- _REQUIREMENT_:
Please repeat, precisely as written, only the lines from the one containing "Ricky Martin @AllPhones" through the last line of the records below, pictures omitted.

=== Section Start ===

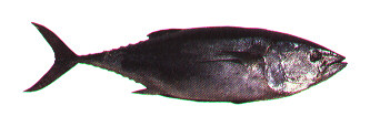 Pacific bluefin tuna (Thunnus orientalis, formerly included in Thunnus thynnus).
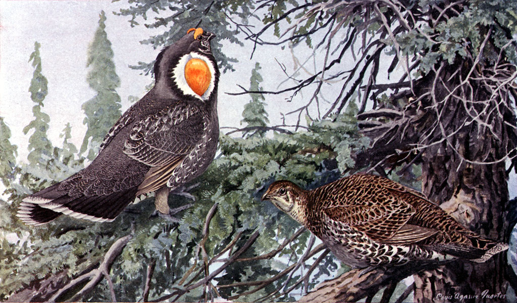 Blue Grouse, Dendragapus obscurus, male and female. Offset reproduction of painting
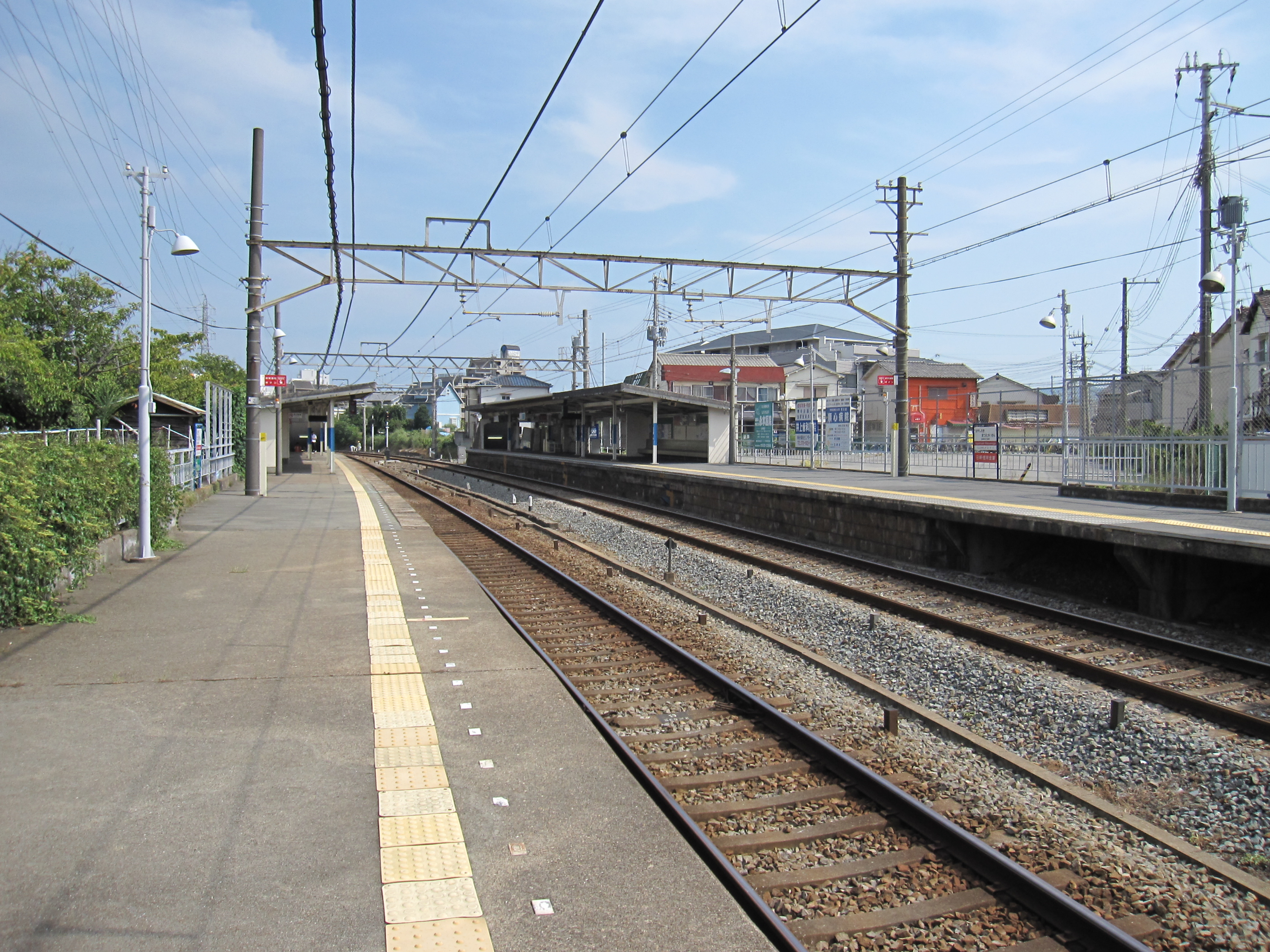 Hayashisaki-Matsuekaigan Station platforms
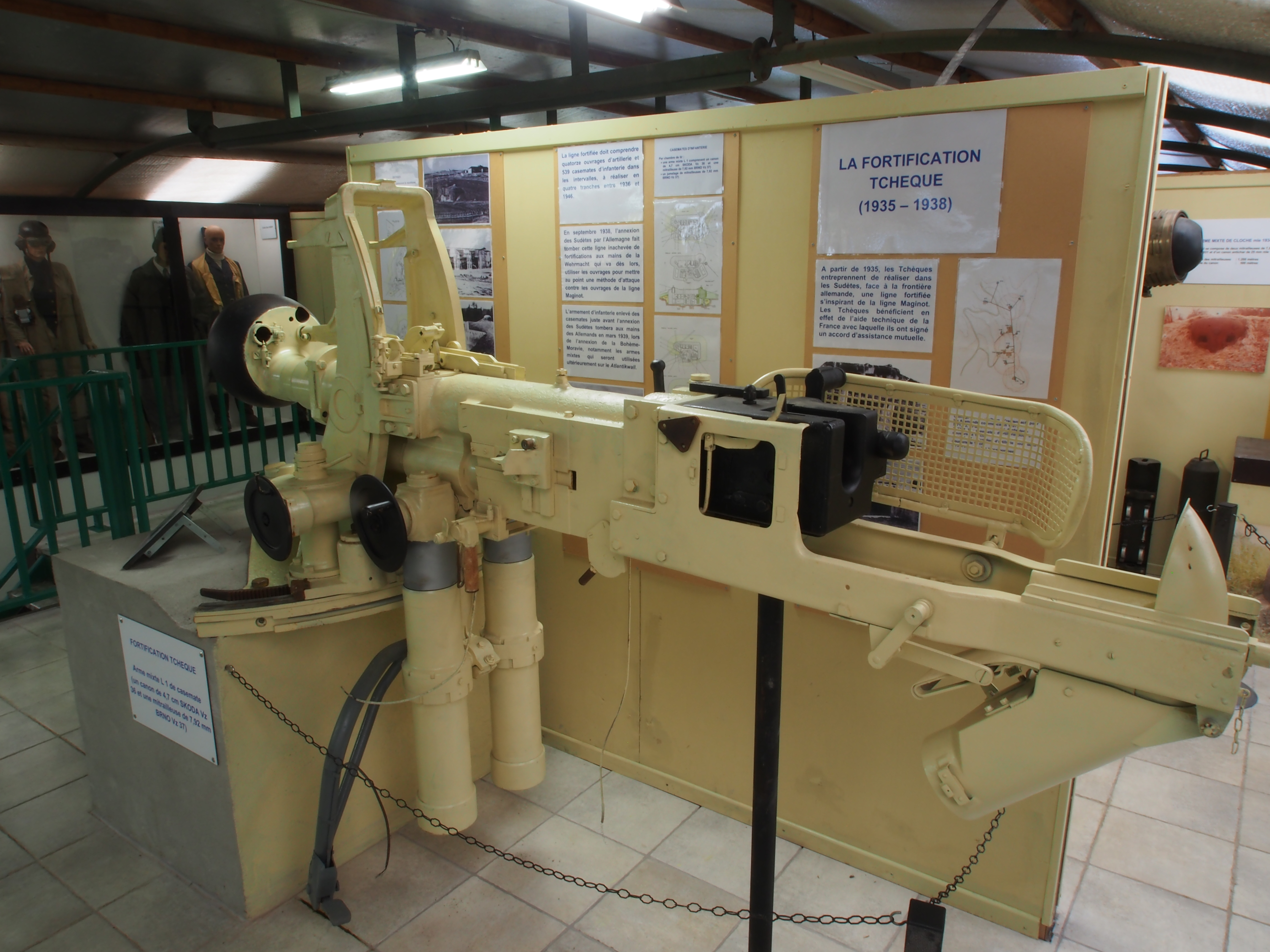 Fort de Fermont and its museum -Czech fortification SKODA Vz 36 4.7cm cannon and 7.92mm BRNO Vz 37.
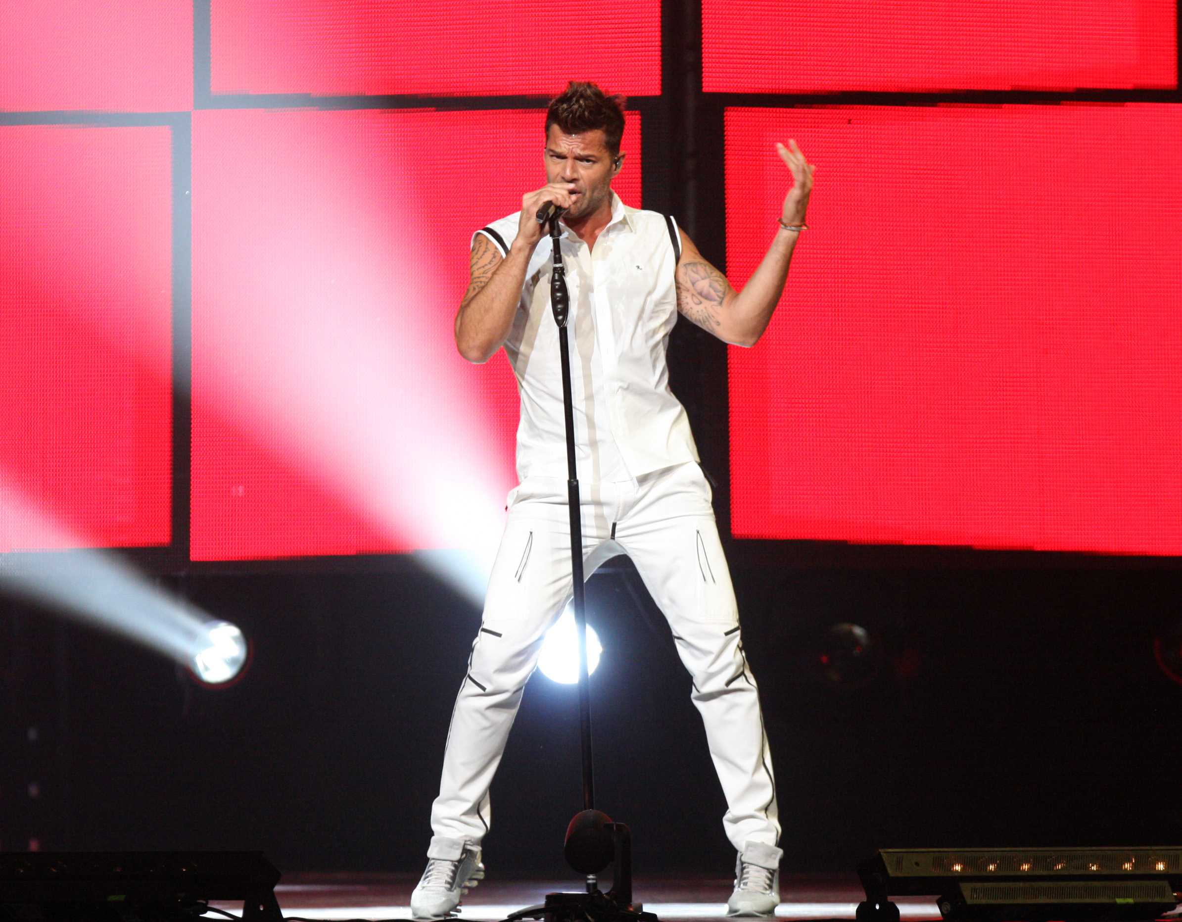 Ricky Martin @AllPhones Arena Sydney Australia
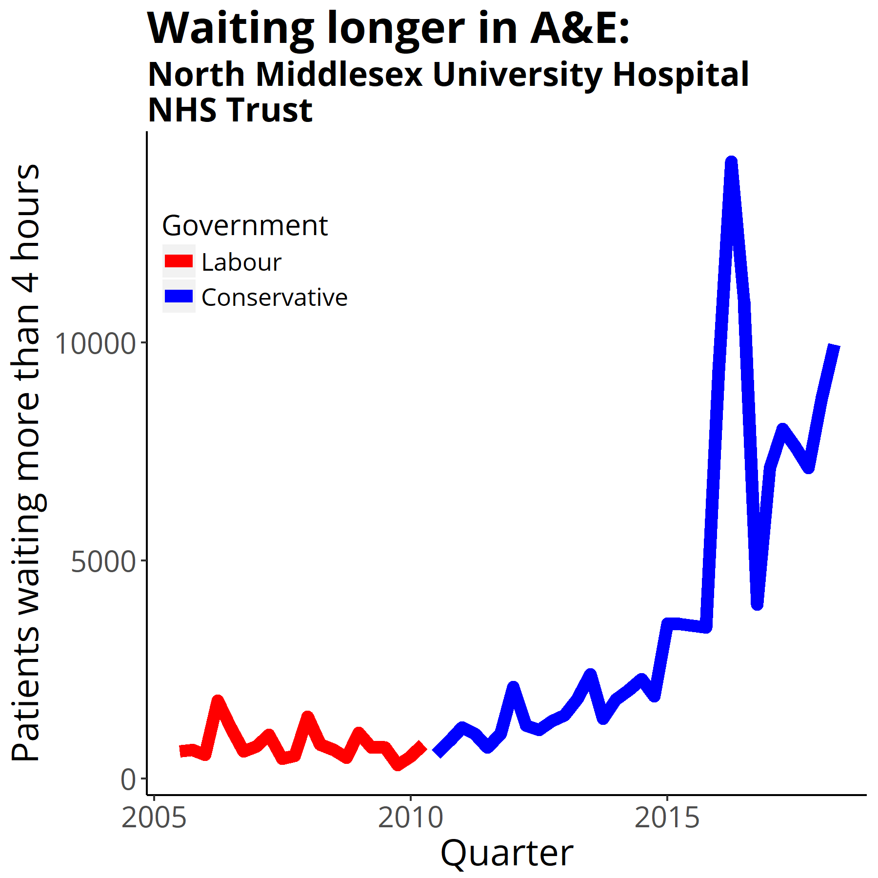 Four-hour target in the emergency department quarterly figures from NHS England Data from

=== Section End ===

- _RESPONSE BOX_:
 Ricky Martin @AllPhones Arena Sydney Australia
 Four-hour target in the emergency department quarterly figures from NHS England Data from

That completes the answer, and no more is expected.